Disturbingly, this is a lesson with a long history. Here, for example, is what the Inter-Agency Standing Committee (IASC) found in evaluating the international response to the 2010 earthquake in Haiti. The relevance, virtually word for word, to the situation in West Africa speaks for itself:

The international humanitarian community – with the exception of the organisations already established in Haiti for some time – did not adequately engage with national organizations, civil society, and local authorities. These critically-important partners were therefore not included in strategizing on the response operation, and international actors could not benefit from their extensive capacities, local knowledge, and cultural understanding … This is not a new observation. Exclusion of parts of the population in one way or another from relief activities is mentioned in numerous reports and evaluations.

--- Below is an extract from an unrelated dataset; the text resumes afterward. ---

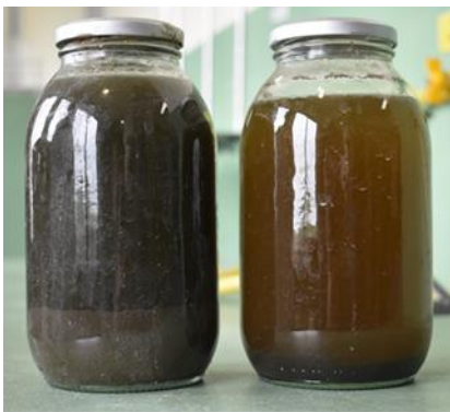
Imagen 2, mezclas número 2, tras la evaluación del tercer mes, donde se evidencian los cambios organolépticos visibles.

A partir de las comparaciones la mezcla 2 (Bacteria ácido láctica L.casei : 1 \times 10^3 cfu mL -1 , levadura Candida utilis : 2 \times 10^8 cfu mL -1 , actinomyces Streptomyces albus : 1 \times 10^6 cfu mL -1 ) fue la mejor concentración para el tratamiento de aguas residuales porcícolas.

Why is this lesson so often repeated and so often not learned? Does the answer lie in an aid culture where ‘taking the time to stop and think – to comprehend via dialogue, engagement and sociological research – runs counter to the humanitarian impulse to act’? Our report also discusses a greater concern: the degree to which people in West Africa were treated ‘as a problem – a security risk, culture-bound, unscientific – to be overcome’. 

The ‘oversight’ is hardly an oversight: people in stricken communities ‘were stereotyped as irrational, fearful, violent and primitive; too ignorant to change; victims of their own culture, in need of saving by outsiders’. Perhaps that clash of cultures highlights why we should not expect community engagement to spontaneously break out simply because the problem has been recognised.

Powerful forces work against aid actors engaging with the community during an emergency, leaving us with a lesson that has not been learned even after years of anguished ‘never again’ promises to do better.

Lessons learned are where our analysis of the power dynamics and culture of the international aid system should begin, not where it ends.